[Try it]: Reproduce the records word for word, apart from the images they contain.

[Excerpted records]:
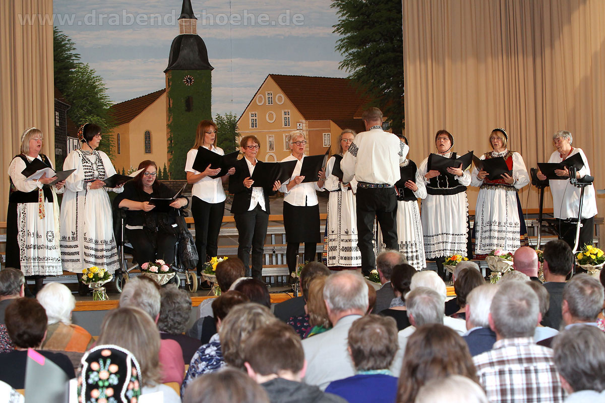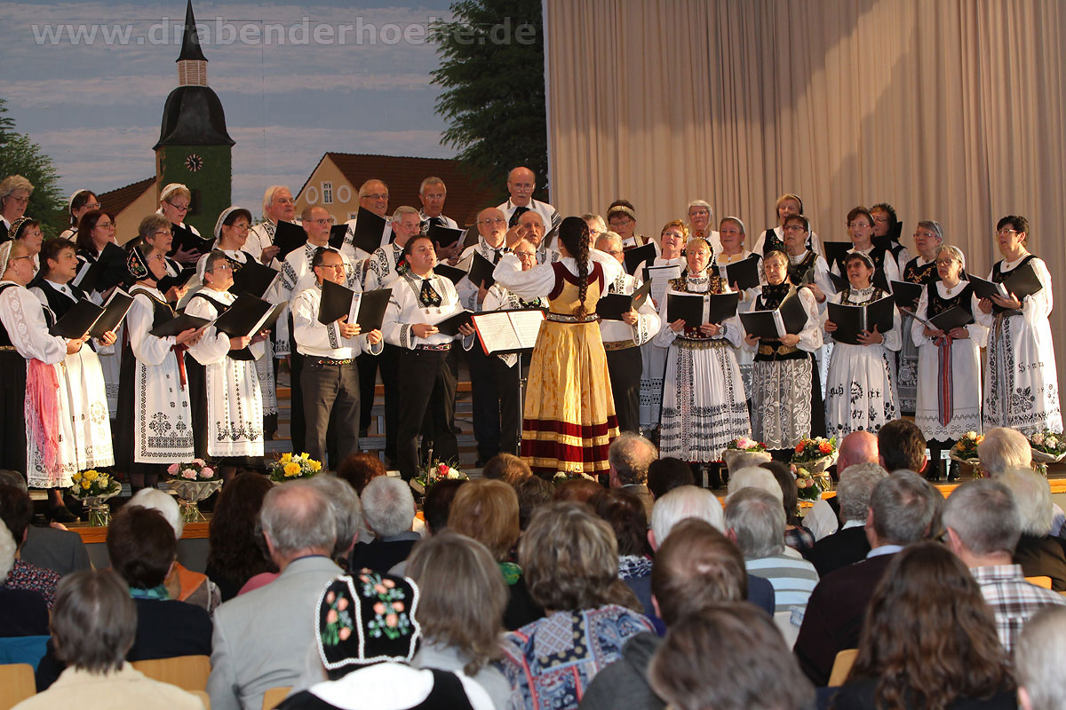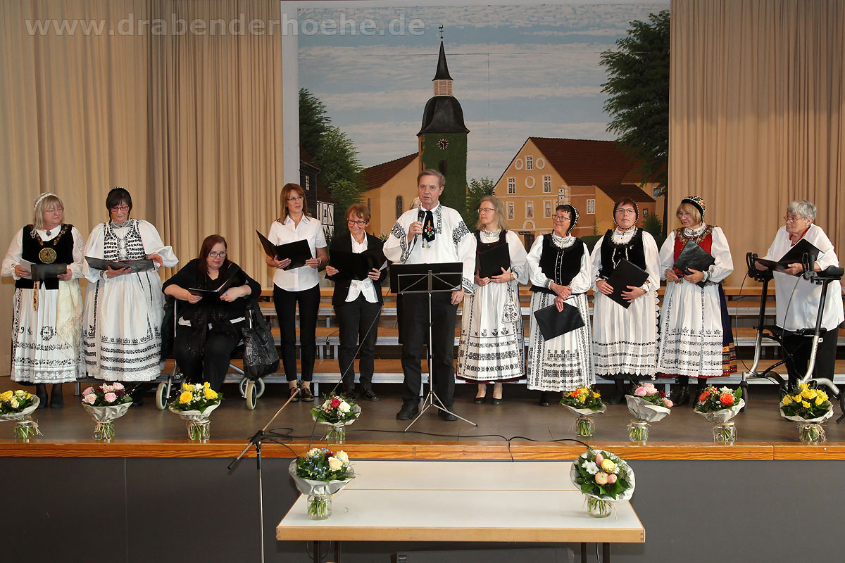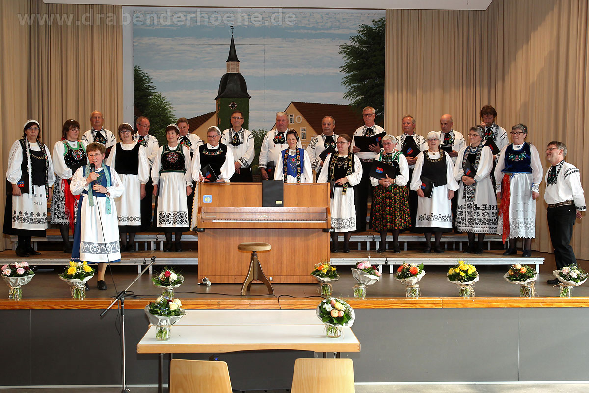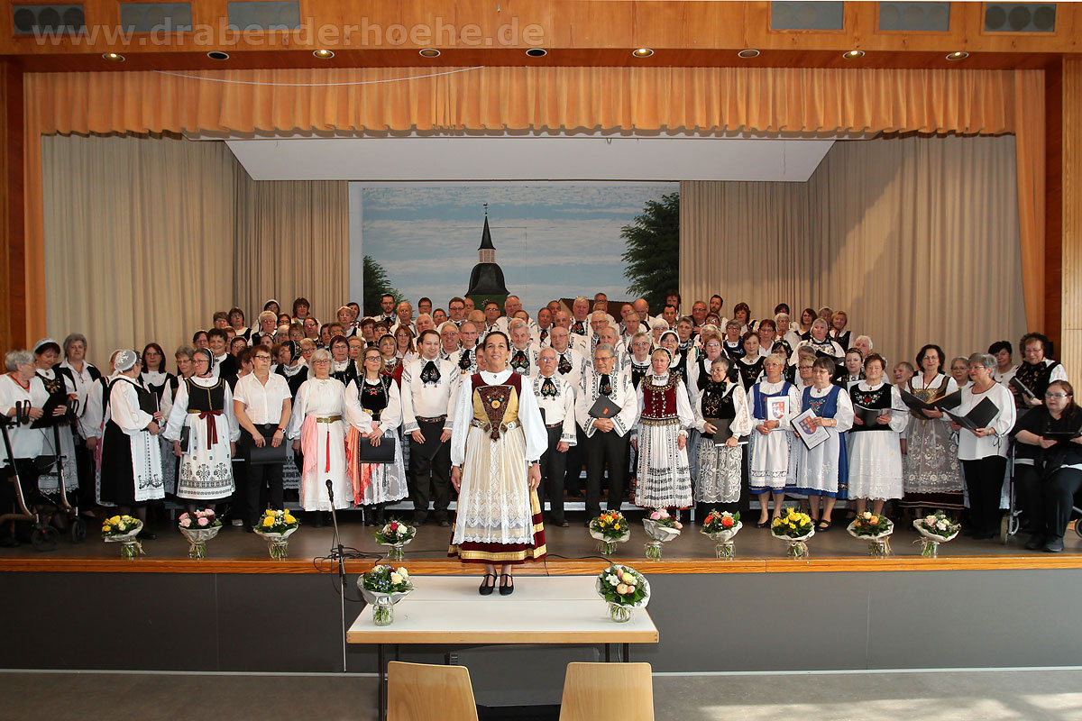 Vorsitzende Anneliese Hüll stellte dann den Honterus-Chor Drabenderhöhe vor, der als Gastgeber für dieses Treffen fungierte und 1966 gegründet wurde. Zurzeit zählt er 43 Sängerinnen und Sänger, die Frühjahrs- und Weihnachtskonzerte geben und eine eigene Theatergruppe besitzen, die jährlich den Katharinenball mit Aufführungen bereichert. Mit „Wir schenken euch ein Lied“ , der Titelmelodie aus dem „Zauber der Musik“ von Bühler und der Farbe des Frühlings aus „Zirkel der Jahreszeiten“ verzauberte der Chor das Publikum.
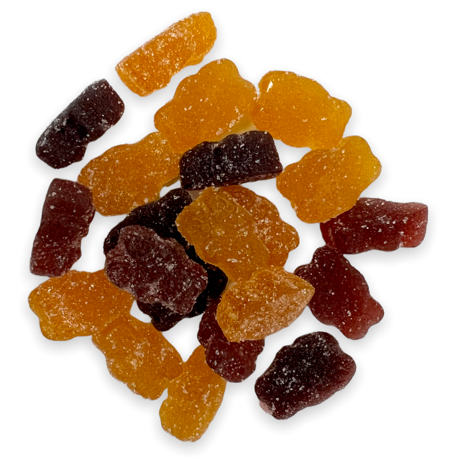Ingredients: organic tapioca syrup, organic cane sugar, distilled H2O, apple pectin, natural flavors and colors, non-gmo citric acid, organic fruit flavors, malic acid, hemp-derived cannabinoid-rich distillate.
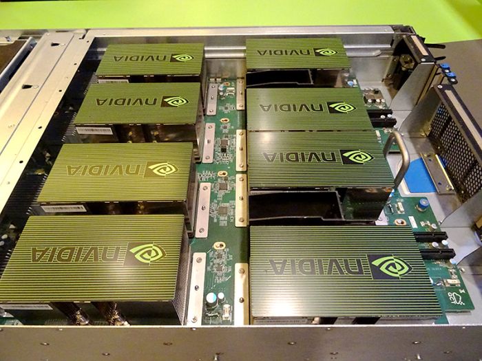 At the height of the ribs NVIDIA passive radiators in this case do not skimp. Each accelerator is able to consume up to 300 watts, so the more massive radiators and blown regular fans located in the server module case.
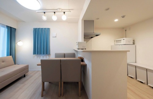 The simple yet practical kitchen is equipped with a gas stove stainless steel sink extractor fan refrigerator and more Cookware and a rice cooker are also provided making it suitable for longterm stays or simple home cooking The garbage sorting area is also clearly organized
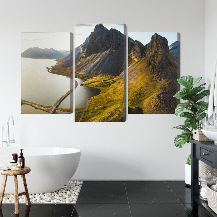 Motivet 3d aerial view of icelandic återges med hög färgprecision och detaljrikedom tack vare HP Latex-teknologi. Trycket sker med vattenbaserade, luktfria och GREENGUARD Gold-certifierade bläck som ger en upplösning på upp till 300 DPI. Färgerna är UV-beständiga och behåller sin styrka även i ljusa rum, vilket gör tavlan lämplig för både hem- och offentliga miljöer.
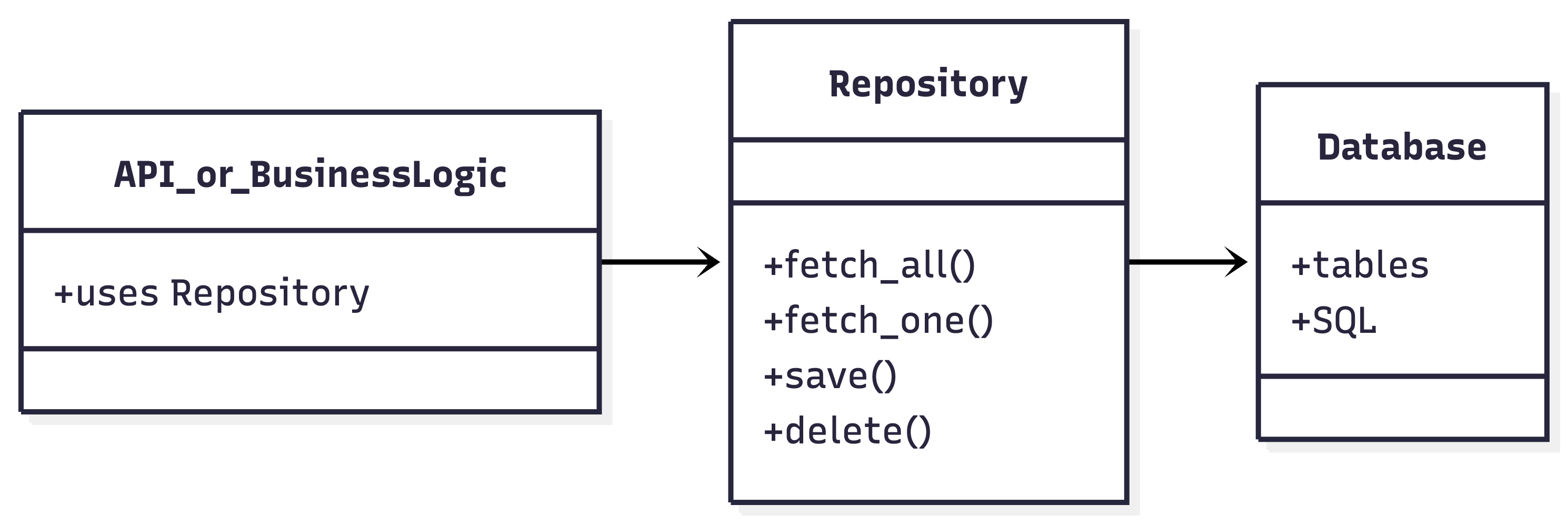 - API or Business Logic: Calls methods on the repository (e.g.,
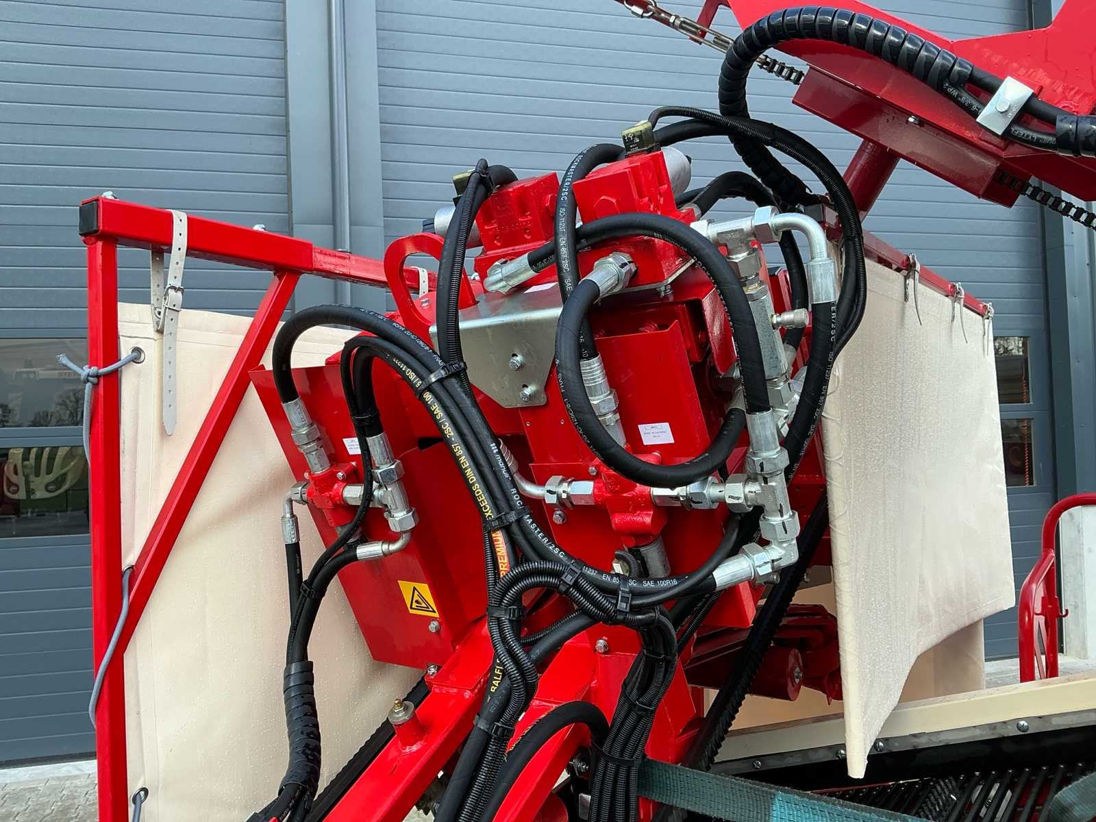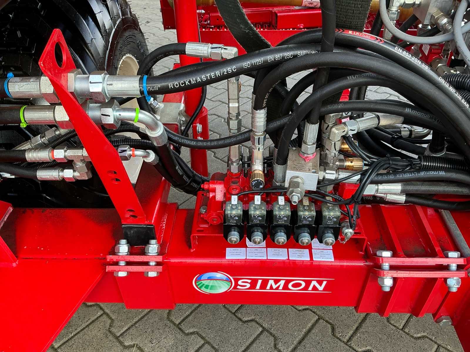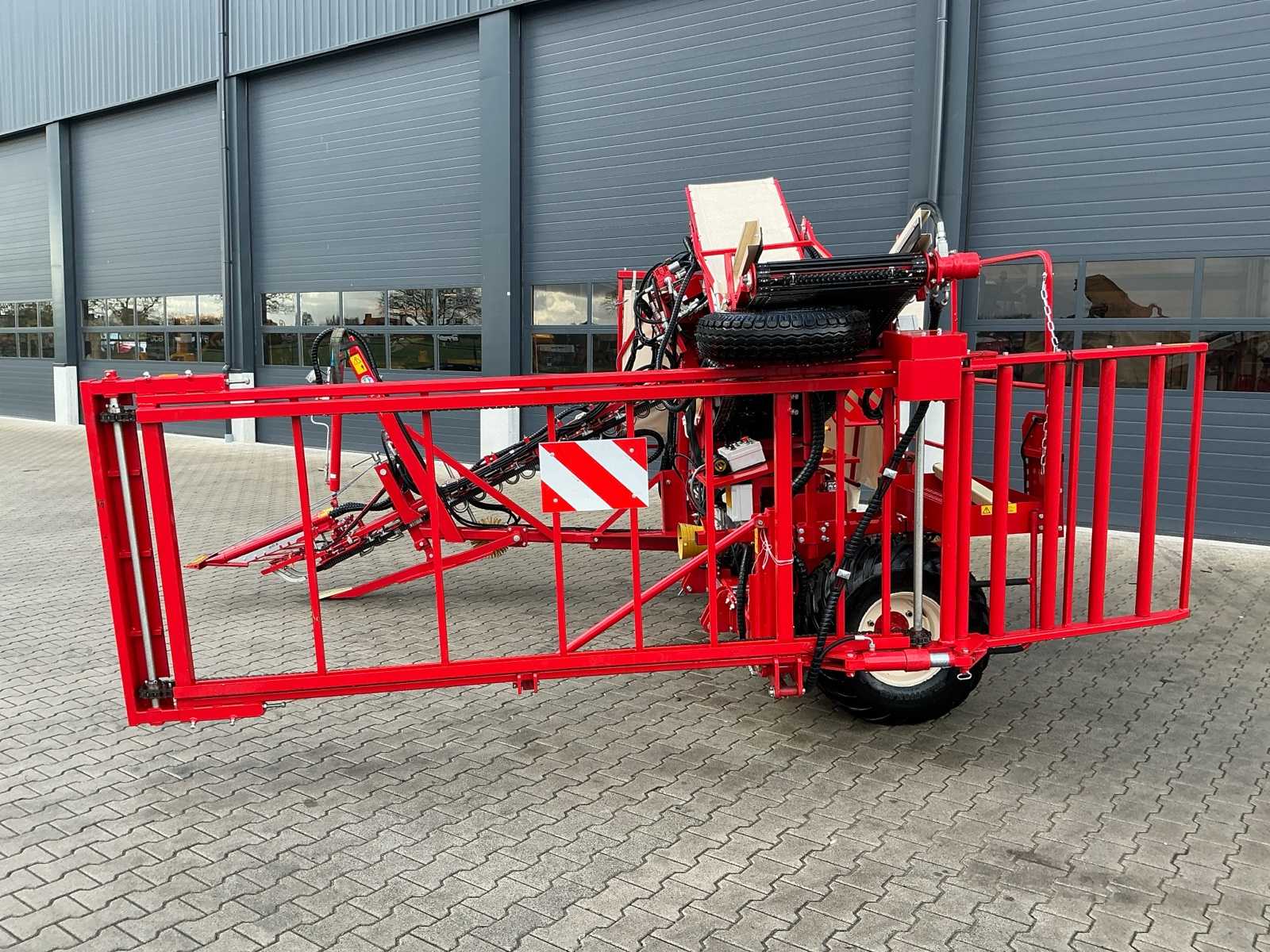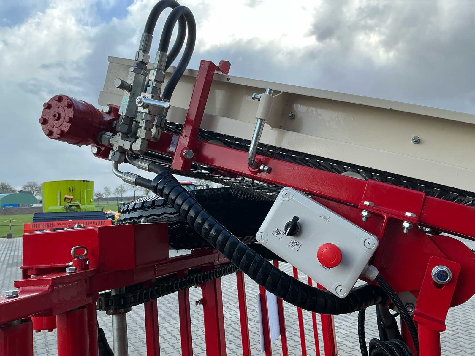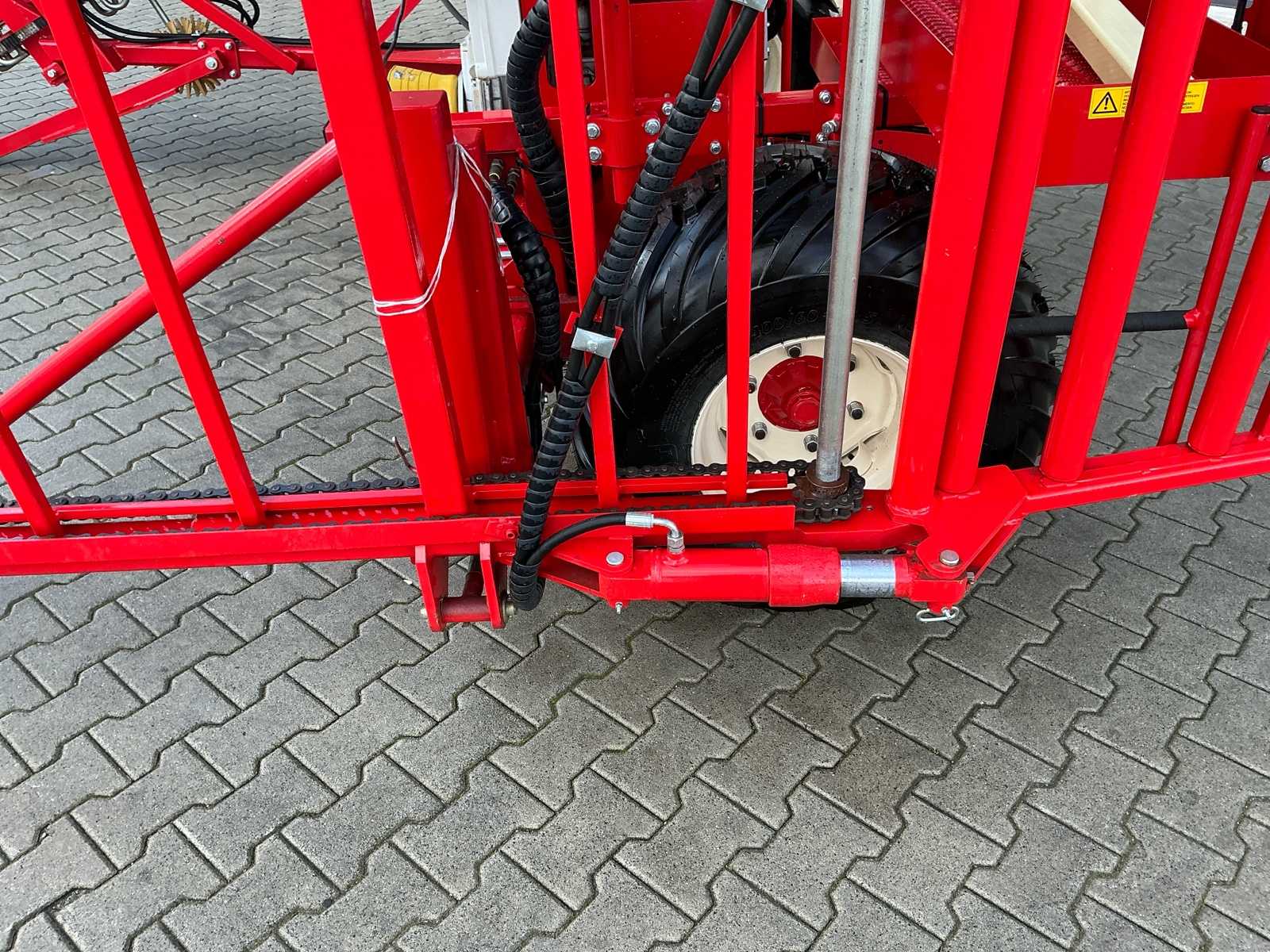 | Description | Equipped with: Simon S3P carrot harvester, unused, 1-row harvester is equipped with SIMON topper system and fully adjustable conveyor belts (forward/reverse and speed adjustable from cabin), lifting range up to 3,750 mm, low pressure belts and a maximum track width of 2,300 mm, haulm lifters, cleaning systems, tilting platform, cross belt (650 mm), PVC coated mats, cleaning options such as rubber stars and cleaning rollers, platform suitable for 2 boxes and hydraulically tiltable, additional options include automatic depth control, hydraulic drive system with double pump, electric emergency stop and full safety equipment with lighting, low pressure tires (RC 400/60 – 15.5, 10 PR, profile 478, 6-hole), diameter: 875 mm, width: 406 mm, electric emergency stop, 1 row, length 3.750 mm (axle to axle), SIMON topper system, conveyor belts: on/off + reversible and speed adjustable from cabin, Front cylinder and fixed attachment points, forced haulm removal, independent speed control of tyres |
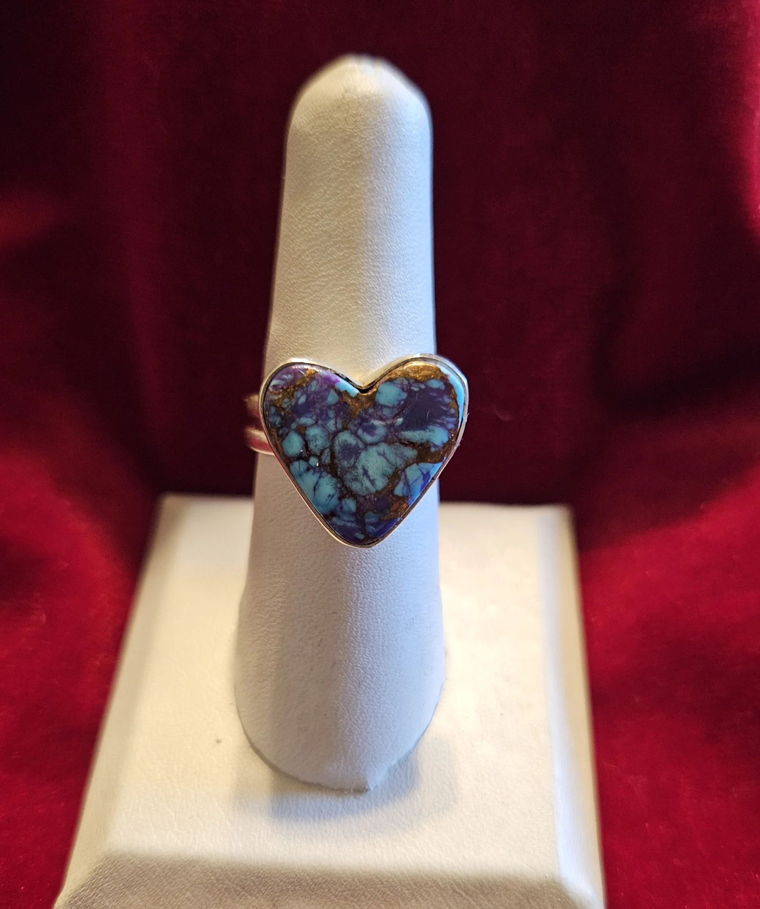 This beautiful ring features Mohave Blue Turquoise set in Sterling Silver. It measures approx 3/4” in length by 3/4” wide. It's made by local artisan Virgil Draper. It's a size 8
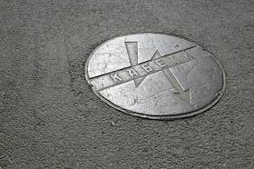 Жанровая фотография. Железный люк с надписью "Кабели".
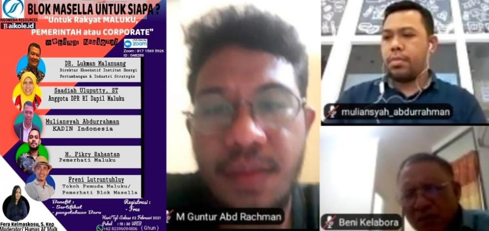 AMBON, HNN - Acara webinar nasional di selenggarakan Indonesia Resources bertema Blok Masela untuk Siapa : untuk Rakyat Maluku, Pemerintah atau Corporate sangat seru dan menghadirkan suara - suara kritis dari sejumlah tokoh dari Maluku di berbagai penjuru, semalam pada pukul 19.00 - 23.00 WIB, Selasa (2/2/2021).
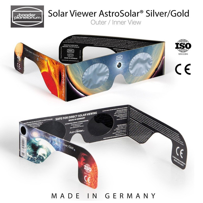 - Our Solar Viewer AstroSolar Silver/Gold – MADE IN GERMANY – safely protect your eyes for visual solar observation. This is THE solution to see the partial phase of Solar Eclipses or even big sunspots with your own eyes!
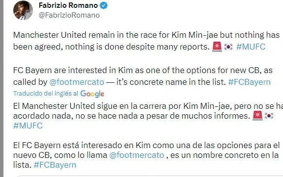 Asimismo, el periodista Fabrizio Romano, informó a través de su cuenta de Twitter, que el Manchester United también quiere al futbolista, sin embargo, aclaró que, a pesar de tener varios informes sobre el jugador, no han llegado a un acuerdo.

[Expected output]:
 Vorsitzende Anneliese Hüll stellte dann den Honterus-Chor Drabenderhöhe vor, der als Gastgeber für dieses Treffen fungierte und 1966 gegründet wurde. Zurzeit zählt er 43 Sängerinnen und Sänger, die Frühjahrs- und Weihnachtskonzerte geben und eine eigene Theatergruppe besitzen, die jährlich den Katharinenball mit Aufführungen bereichert. Mit „Wir schenken euch ein Lied“ , der Titelmelodie aus dem „Zauber der Musik“ von Bühler und der Farbe des Frühlings aus „Zirkel der Jahreszeiten“ verzauberte der Chor das Publikum.
Ingredients: organic tapioca syrup, organic cane sugar, distilled H2O, apple pectin, natural flavors and colors, non-gmo citric acid, organic fruit flavors, malic acid, hemp-derived cannabinoid-rich distillate.
 At the height of the ribs NVIDIA passive radiators in this case do not skimp. Each accelerator is able to consume up to 300 watts, so the more massive radiators and blown regular fans located in the server module case.
 The simple yet practical kitchen is equipped with a gas stove stainless steel sink extractor fan refrigerator and more Cookware and a rice cooker are also provided making it suitable for longterm stays or simple home cooking The garbage sorting area is also clearly organized
 Motivet 3d aerial view of icelandic återges med hög färgprecision och detaljrikedom tack vare HP Latex-teknologi. Trycket sker med vattenbaserade, luktfria och GREENGUARD Gold-certifierade bläck som ger en upplösning på upp till 300 DPI. Färgerna är UV-beständiga och behåller sin styrka även i ljusa rum, vilket gör tavlan lämplig för både hem- och offentliga miljöer.
 - API or Business Logic: Calls methods on the repository (e.g.,
 | Description | Equipped with: Simon S3P carrot harvester, unused, 1-row harvester is equipped with SIMON topper system and fully adjustable conveyor belts (forward/reverse and speed adjustable from cabin), lifting range up to 3,750 mm, low pressure belts and a maximum track width of 2,300 mm, haulm lifters, cleaning systems, tilting platform, cross belt (650 mm), PVC coated mats, cleaning options such as rubber stars and cleaning rollers, platform suitable for 2 boxes and hydraulically tiltable, additional options include automatic depth control, hydraulic drive system with double pump, electric emergency stop and full safety equipment with lighting, low pressure tires (RC 400/60 – 15.5, 10 PR, profile 478, 6-hole), diameter: 875 mm, width: 406 mm, electric emergency stop, 1 row, length 3.750 mm (axle to axle), SIMON topper system, conveyor belts: on/off + reversible and speed adjustable from cabin, Front cylinder and fixed attachment points, forced haulm removal, independent speed control of tyres |
 This beautiful ring features Mohave Blue Turquoise set in Sterling Silver. It measures approx 3/4” in length by 3/4” wide. It's made by local artisan Virgil Draper. It's a size 8
 Жанровая фотография. Железный люк с надписью "Кабели".
 AMBON, HNN - Acara webinar nasional di selenggarakan Indonesia Resources bertema Blok Masela untuk Siapa : untuk Rakyat Maluku, Pemerintah atau Corporate sangat seru dan menghadirkan suara - suara kritis dari sejumlah tokoh dari Maluku di berbagai penjuru, semalam pada pukul 19.00 - 23.00 WIB, Selasa (2/2/2021).
 - Our Solar Viewer AstroSolar Silver/Gold – MADE IN GERMANY – safely protect your eyes for visual solar observation. This is THE solution to see the partial phase of Solar Eclipses or even big sunspots with your own eyes!
 Asimismo, el periodista Fabrizio Romano, informó a través de su cuenta de Twitter, que el Manchester United también quiere al futbolista, sin embargo, aclaró que, a pesar de tener varios informes sobre el jugador, no han llegado a un acuerdo.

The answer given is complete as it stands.